## PROBLEM DETAILS
The response should contain all of the data below, reproduced exactly, and no pictures.
*** EXERCISE DATA ***
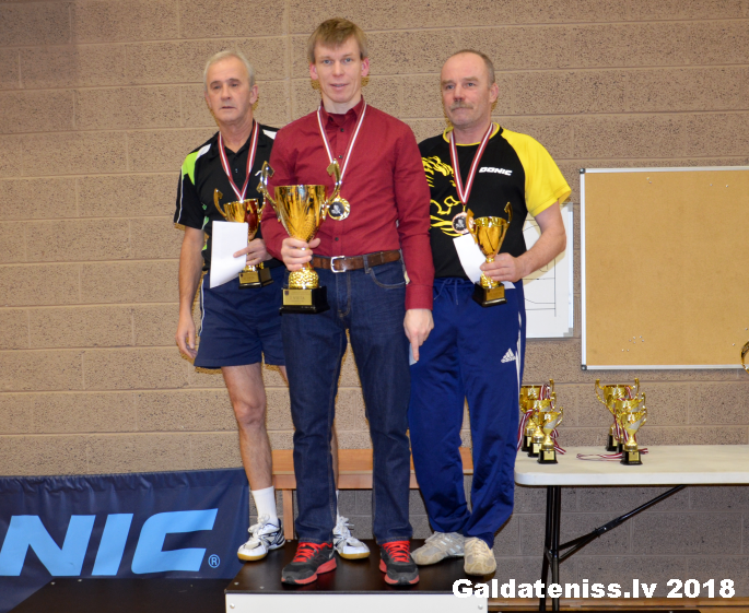 Veterāniem 50+ grupā 1.v. Antti Luigemaa, 2.v. Juris Siliņs, 3.v. Anrijs Bergs.
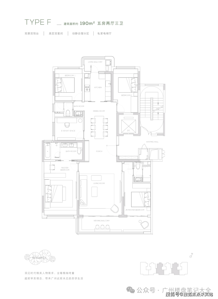 【190㎡户型】观景双阳台-高定双套间-私家电梯厅-双洄游动线
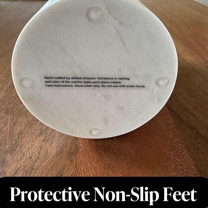 - Protective Non-Slip Feet & Scalloped Edges - Non-Slip Silicone Feet on bottom provides protection for your marble chiller as well as your countertop. Scalloped edges reduce risk of chipping.
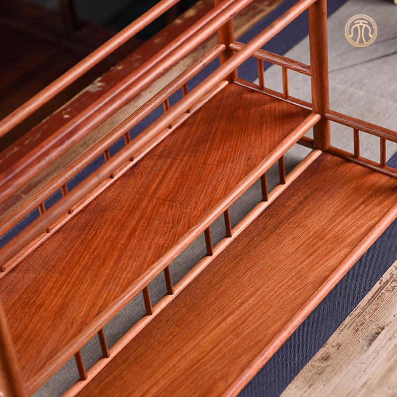缅甸花梨双层沥水架红木客厅办公家用茶水架实木中式茶桌收纳杯架
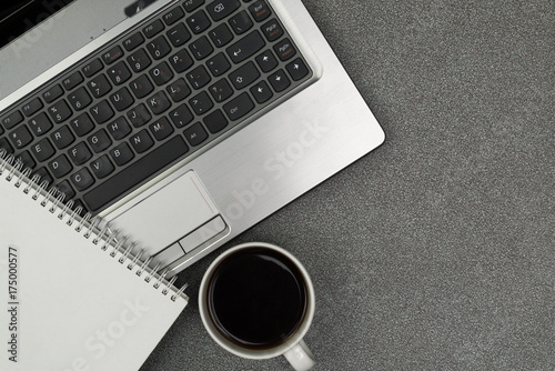 Laptop computer or notebook, note and cup of coffee on working table with copy space top view.
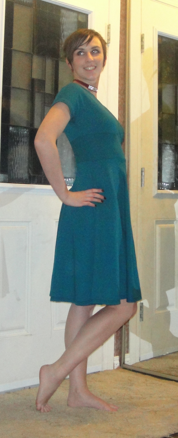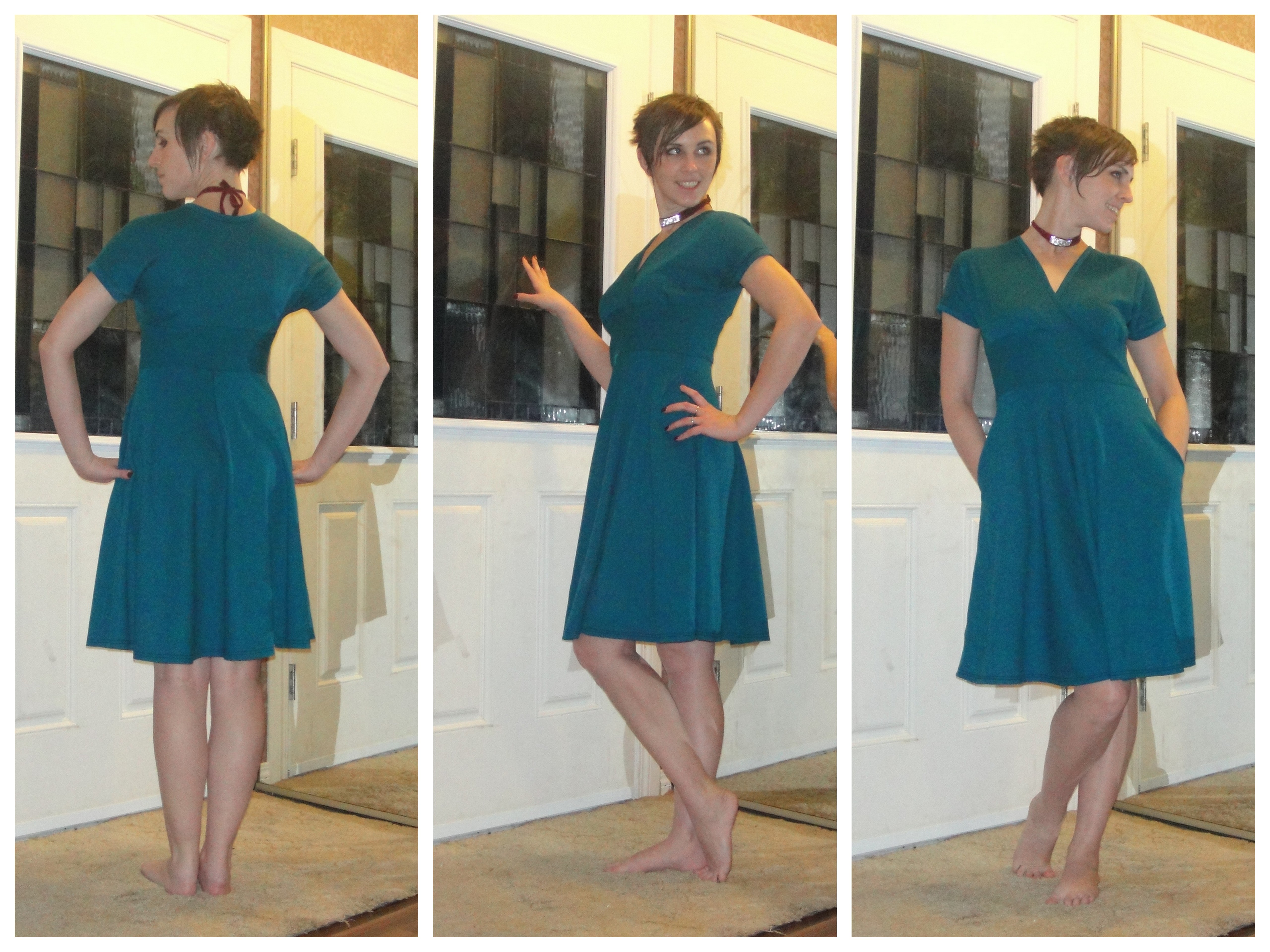 The length is great, and it’s insanely comfortable. Like,PJ comfortable. Which I guess is standard for knit dresses, but I don’t have many knit dresses. I was iffy about the pockets—last time I tried inseam pockets on an A-line skirt, the look  was not so good. But they don’t bother me, and I can tell they’ll be super awesome for actual wearing (although I had probably better not put too much in them…)
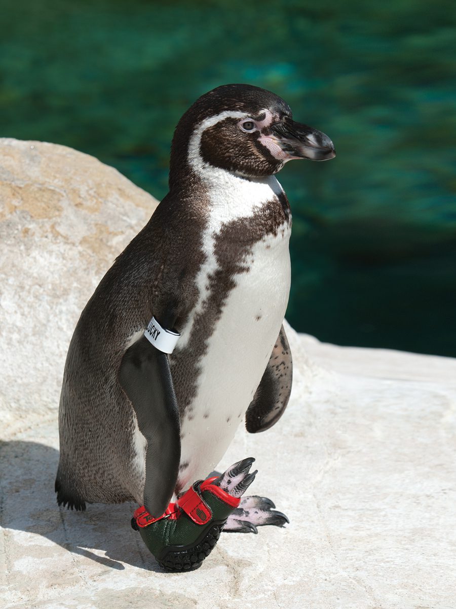 Photo by Tony LunaLucky is shown wearing one of his high-tech shoes designed by Teva, which allowed him to walk and swim, and be a part of the Santa Barbara Zoo’s penguin colony.[/caption] “Although this is a fairly straightforward surgery and used for cats and dogs with a similar condition, there are some other considerations for performing this in a bird,” Barnes said. “We feel he has a good prognosis and this procedure will give him the best quality of life. Our goals are to lessen Lucky’s pain, retain his mobility, and have him rejoin the zoo’s Humboldt penguin colony.” Lucky’s need for surgery stems from the deterioration of a malformed ankle joint, which caused his right foot to point up at an angle, rather than lay flat. This caused Lucky to walk on the point of his ankle, rather than on his foot. The abnormality was discovered as soon as Lucky left the nest in 2010 and walked with a shuffling gait. He was unable to walk properly and began to develop life-threatening infections from pressure and chafing. In 2011, local shoe company Teva designed a high-tech shoe for the penguin, and since then has further refined and provided custom shoes for Lucky, free of charge. The footwear has been effective for the past eight years, allowing him to be an active member of the zoo’s penguin colony. In 2017, he sired a chick with his mate Nica. But Lucky’s ankle joint was undergoing a continual deterioration, as expected with this type of deformity. The joint was collapsing and becoming inflamed, causing swelling and pressure. Excess bone (or calcification) had formed in the joint, causing painful bone-on-bone contact. “Lucky’s condition had reached a critical stage as it was difficult to manage his pain effectively,” adds Dr. Barnes. Lucky was allowed to recover in the Animal Hospital for several weeks, accompanied by his mate Nica, with the focus on healing from surgery. Once he is fully healed, efforts will begin with Teva to develop a new shoe. For more information, go to www.sbzoo.org.
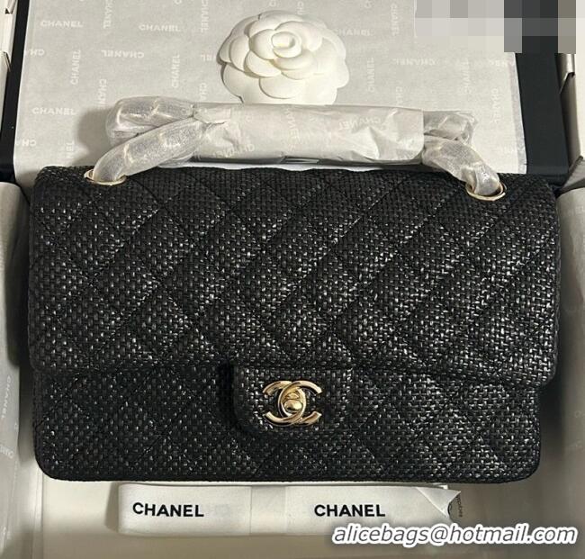 Top Quality Chanel Classic Medium Flap Handbag in Woven Fiber A01112 Black 2026
*** End of EXERCISE DATA ***
## TASK SOLUTION
 Veterāniem 50+ grupā 1.v. Antti Luigemaa, 2.v. Juris Siliņs, 3.v. Anrijs Bergs.
 【190㎡户型】观景双阳台-高定双套间-私家电梯厅-双洄游动线
 - Protective Non-Slip Feet & Scalloped Edges - Non-Slip Silicone Feet on bottom provides protection for your marble chiller as well as your countertop. Scalloped edges reduce risk of chipping.
缅甸花梨双层沥水架红木客厅办公家用茶水架实木中式茶桌收纳杯架
 Laptop computer or notebook, note and cup of coffee on working table with copy space top view.
 The length is great, and it’s insanely comfortable. Like,PJ comfortable. Which I guess is standard for knit dresses, but I don’t have many knit dresses. I was iffy about the pockets—last time I tried inseam pockets on an A-line skirt, the look  was not so good. But they don’t bother me, and I can tell they’ll be super awesome for actual wearing (although I had probably better not put too much in them…)
 Photo by Tony LunaLucky is shown wearing one of his high-tech shoes designed by Teva, which allowed him to walk and swim, and be a part of the Santa Barbara Zoo’s penguin colony.[/caption] “Although this is a fairly straightforward surgery and used for cats and dogs with a similar condition, there are some other considerations for performing this in a bird,” Barnes said. “We feel he has a good prognosis and this procedure will give him the best quality of life. Our goals are to lessen Lucky’s pain, retain his mobility, and have him rejoin the zoo’s Humboldt penguin colony.” Lucky’s need for surgery stems from the deterioration of a malformed ankle joint, which caused his right foot to point up at an angle, rather than lay flat. This caused Lucky to walk on the point of his ankle, rather than on his foot. The abnormality was discovered as soon as Lucky left the nest in 2010 and walked with a shuffling gait. He was unable to walk properly and began to develop life-threatening infections from pressure and chafing. In 2011, local shoe company Teva designed a high-tech shoe for the penguin, and since then has further refined and provided custom shoes for Lucky, free of charge. The footwear has been effective for the past eight years, allowing him to be an active member of the zoo’s penguin colony. In 2017, he sired a chick with his mate Nica. But Lucky’s ankle joint was undergoing a continual deterioration, as expected with this type of deformity. The joint was collapsing and becoming inflamed, causing swelling and pressure. Excess bone (or calcification) had formed in the joint, causing painful bone-on-bone contact. “Lucky’s condition had reached a critical stage as it was difficult to manage his pain effectively,” adds Dr. Barnes. Lucky was allowed to recover in the Animal Hospital for several weeks, accompanied by his mate Nica, with the focus on healing from surgery. Once he is fully healed, efforts will begin with Teva to develop a new shoe. For more information, go to www.sbzoo.org.
 Top Quality Chanel Classic Medium Flap Handbag in Woven Fiber A01112 Black 2026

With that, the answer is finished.